Satan  / The Devil = Satanás / El Diablo.
To load a gun (or a weapon)= Cargar una pistola.
By whom is it loaded? = Quién es el que la carga?.
El Diablo= The Devil.


----------



## iribela

La expresión 'las armas las carga el diablo' siempre la he oído en referencia a que nunca se debe confiar en que un arma esté descargada. Es decir, aunque uno piense que no está cargada, podría estarlo. Por eso, al manejar un arma siempre hay que tener mucho cuidado.


----------



## polyglotwannabe

cómo diríais eso en inglés "las armas las carga el diablo"?
Hi, I'm just translating what he asked for. Any nuance or story behind that is ok, but It is not the question at hand.
Posters need to be sure what they want before they ask. People are using their time to help.that being said, I hope that is what splurge wanted to know. How to say that expression in English.


----------



## iribela

polyglotwannabe said:


> . ...Any nuance or story behind that is ok, but It is not the question at hand


It's not a nuance from my perspective. I'm not familiar at all with the explanation given in the OP for 'las armas las carga el diablo.' So I'm trying to determine if we are talking about the same thing before venturing a suggestion.


----------



## gengo

polyglotwannabe said:


> Yes, splurge, that is totally right.



I'm afraid I must disagree.  "The weapons are loaded by the devil" may be the correct literal translation, but that phrase makes no sense at all in English.  Splurge knew or suspected this, and that's why the question was asked.

As to the meaning mentioned by iribela, I can't think of a set phrase offhand, but I might convey that idea by saying "Always treat a weapon as if it were loaded," or "Always assume a weapon is loaded."

More context might help me give a better suggestion.


----------



## franzjekill

Se guarda un arma en la casa, un niño la toma y mata a alguien o se mata él. O entra un ladrón, toma el arma y mata a alguien de la casa. Un demente, con un arma, mata a decenas de personas. El diablo es el símbolo del mal. El diablo carga las armas. Las armas traen desgracias. En cualquiera de esos escenarios macabros cabe el dicho, con cierta cuota de superstición.


----------



## Ciprianus

En Argentina este dicho tiene una ilustrativa segunda parte:
_A las armas las carga el diablo...y la descargan los boludos. 
_
Su historia:
_Weapons are loaded by the devil = Las armas las carga el diablo_


----------



## iribela

Puede 'caber' en muchos contextos. Pero de la definición dada al principio al uso común de la frase hay una diferencia significativa.


----------



## franzjekill

iribela said:


> Pero de la definición dada al principio al uso común de la frase hay una diferencia significativa.

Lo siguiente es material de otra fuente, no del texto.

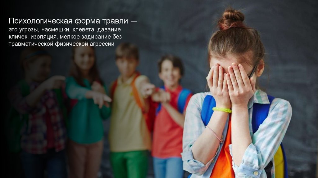 Психологическая форма травли —это угрозы, насмешки, клевета, давание
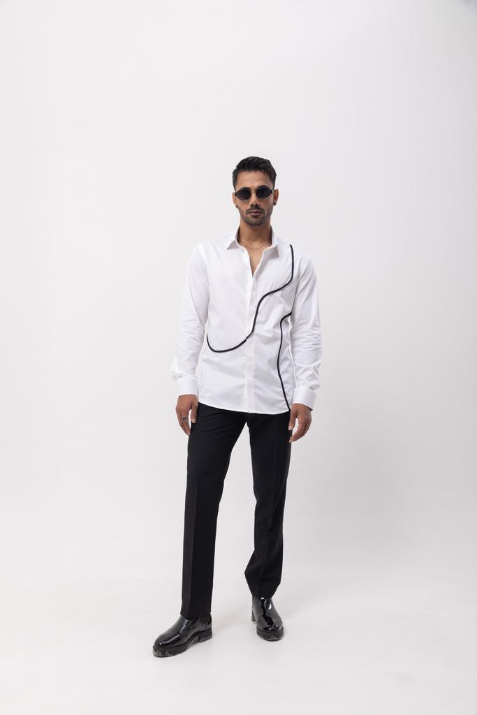 Minimal but not meek with this English cotton HAND EMBROIDERED DESIGNER SHIRT detailed with a bold black cord trail. A sleek standout for cocktail nights, gallery openings, or date hour
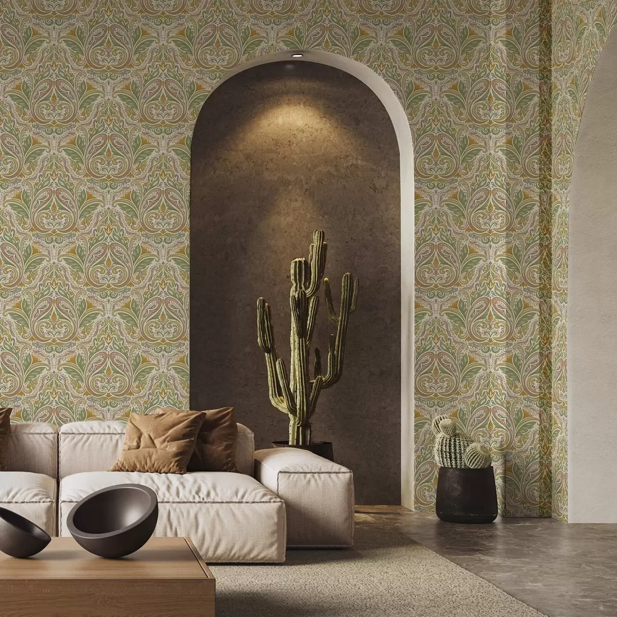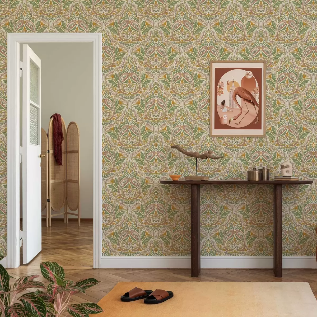 Papel de parede Espirais ornamentais folhosas em tons de verde e terracota Nr. a00927v1
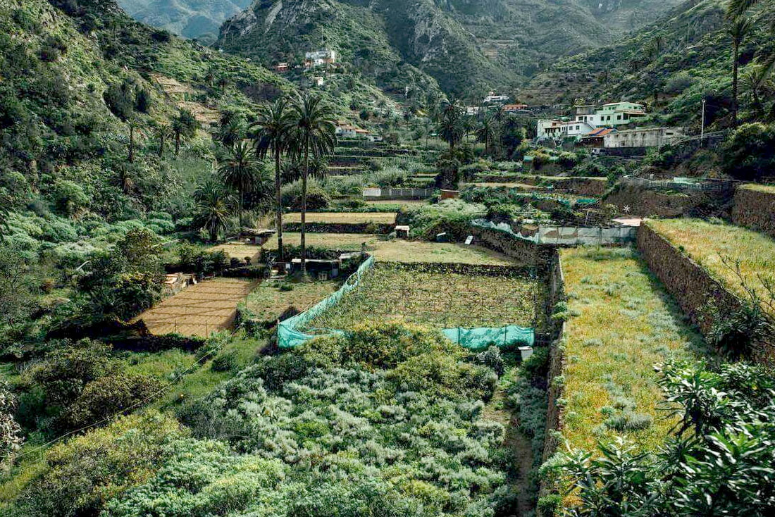 conjunto singular de bancales y palmeras, con unas 35 edificaciones poco
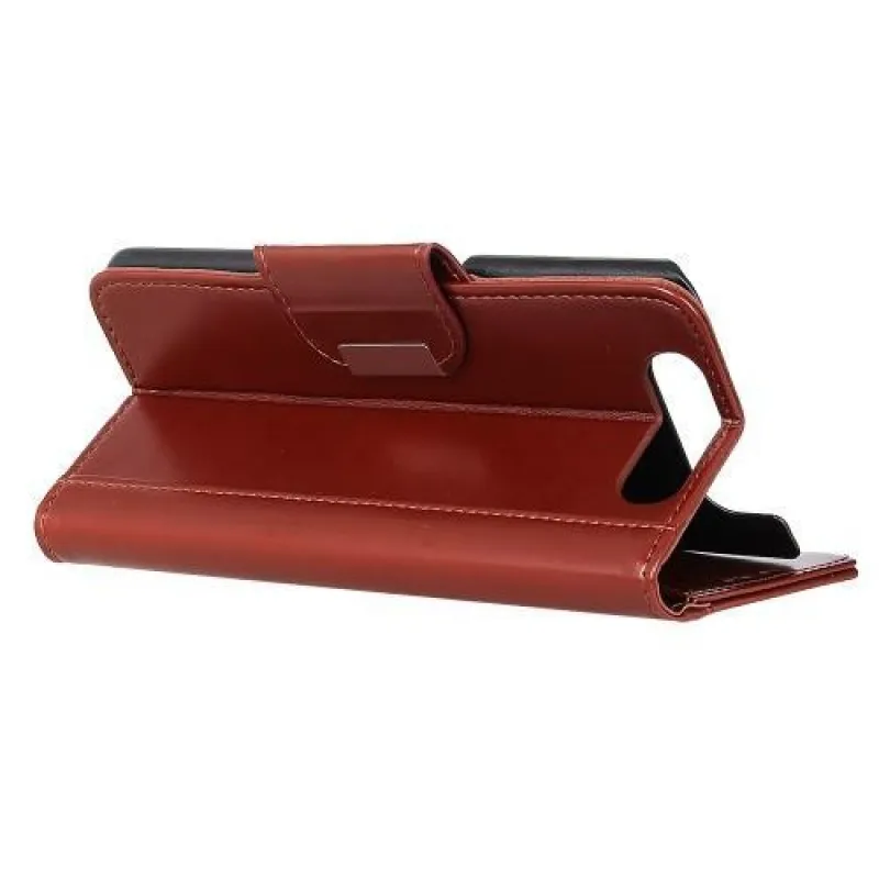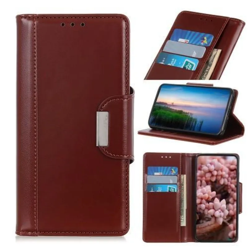 Állvány elegáns PU bőr pénztárca tok Samsung Galaxy A80-hoz - sötétbarna
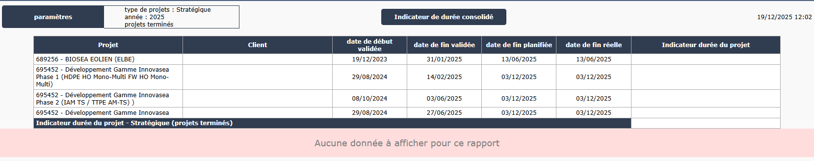and why (see attached file) I have no value KPI for some project on KPI duration consolidated ?
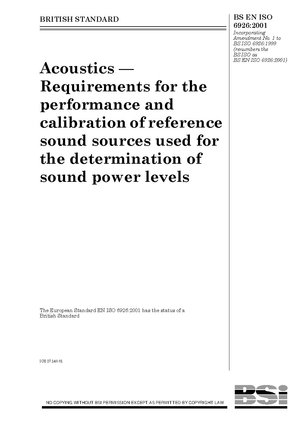 BS EN ISO 6926:2001
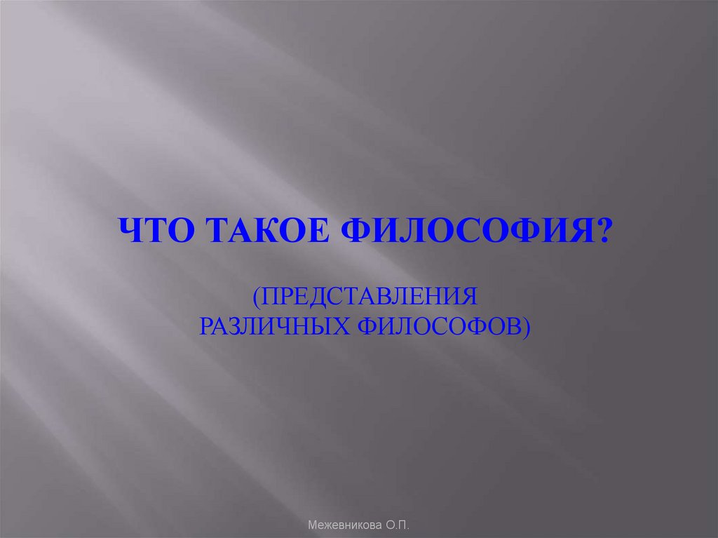 ЧТО ТАКОЕ ФИЛОСОФИЯ?(ПРЕДСТАВЛЕНИЯ

De más está decir que el uso común que yo le doy coincide con el que vos explicaste. Pero llevado por la duda, miré unos cuantos casos de uso en Google Books, y creo que esos tres ejemplos que di más o menos coinciden con su uso. Debe de haber factores geográficos, sospecho.


----------



## iribela

franzjekill said:


> De más está decir que el uso común que yo le doy coincide con el que vos explicaste. Pero llevado por la duda, miré unos cuantos casos de uso en Google Books, y creo que esos tres ejemplos que di más o menos coinciden con su uso. Debe de haber factores geográficos, sospecho.


Como de costumbre.


----------



## MiguelitOOO

franzjekill said:


> El diablo es el símbolo del mal.


Pienso parecido: “los malos andan con armas” (el diablo convierte a alguien bueno en malo si aquel tiene un arma en sus manos) ¿para que son las armas si uno puede atacar o defenderse sin ellas?
Yo aplico el dicho para todo tipo de arma portable (sobre todo navajas y cuchillos) porque siempre he tomado la palabra “carga”, del dicho, como “lleva” (transportar, portar, tener o andar algo). Raras veces he considerado ese “carga” como “municiones”.

Necesitamos un contexto que despeje dudas sobre el sentido que se le quiere dar al dicho, para hacer una traducción adecuada.


----------



## MiguelitOOO

Ciprianus said:


> Su historia:
> _Weapons are loaded by the devil = Las armas las carga el diablo_



Interesante. Gracias Ciprianus.


----------



## Elcanario

Fuente: Centro Virtual Cervantes. Refranero multilingüe.
Paremia: Las armas de fuego, cuanto más lejos, mejor.
Sinónimo: Las armas, las carga el diablo (fuente oral).
Ideas clave: peligro.
Significado: Advierte de la peligrosidad de las armas de fuego si las maneja  alguien inexperto o si su uso lleva a las consiguientes desgraciadas consecuencias.
En inglés: Weapons, the farthest, the best.
Un saludo


----------



## iribela

Elcanario said:


> Fuente: Centro Virtual Cervantes. Refranero multilingüe.
> ...Significado: Advierte de la peligrosidad de las armas de fuego si las manejas alguien inexperto o si su uso lleva a las consiguientes desgraciadas consecuencias...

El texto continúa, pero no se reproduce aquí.